Each of these experiences multiplies the risk of suicide to these care-experienced young people, to the point where being male, care-experienced and imprisoned, for example, creates a serious risk. In other words, these men and boys who have been in the care of two groups of professionals – the care system and the criminal justice system – are significantly more likely to suffer from mental health problems that cause them to take their own lives.

Early intervention and tailored support are crucial to making sure that boys and young men are given equal opportunity to enjoy positive childhood experiences, as well as be protected from adverse ones. The UK government’s move via its Tackling Child Sexual Abuse Strategy 2021 to tackle cultural barriers that boys face in accessing some support services, is a good example of how support should be targeted, timely and culturally sensitive.

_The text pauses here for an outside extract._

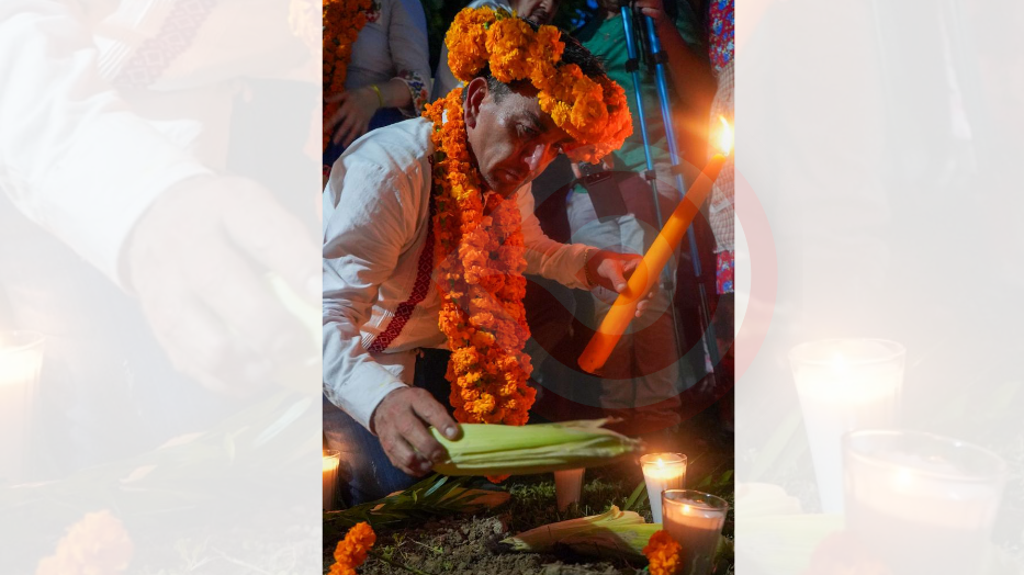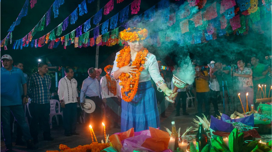 Como parte de la ofrenda, se realizó un ritual de agradecimiento a la madre tierra, en el que se enterró un tapataxtle o tamal sagrado bajo un arco levantado a un costado de la iglesia de la comunidad. Se sahumó y compartió la ofrenda depositada en el altar que se levantó frente a ese templo, además de contar con la participación de la cuadrilla Herencia Cultural de la colonia Horacio Camargo, que realizó la tradicional “bajada de máscaras” y danzó alegremente al ritmo de los sones xantoleros.

Boys are less likely than girls to seek help for their mental health, so services need to improve their offer. At NYAS, we believe that an essential way to empower boys to get the support that they need is by introducing an ‘active offer’ of advocacy. This means that when children enter any tier of CAMHS support, they are automatically connected with an independent advocate who can explain their rights and offer to support them to express their views, wishes and feelings.

We must move away from a mental health system that requires its patients to be in crisis, towards one that is truly proactive: advocating on behalf of care-experienced children and young people; supporting them through crucial times such as entering adulthood; addressing trauma at the earliest opportunity and striving for childhoods that are full of positive experiences and love.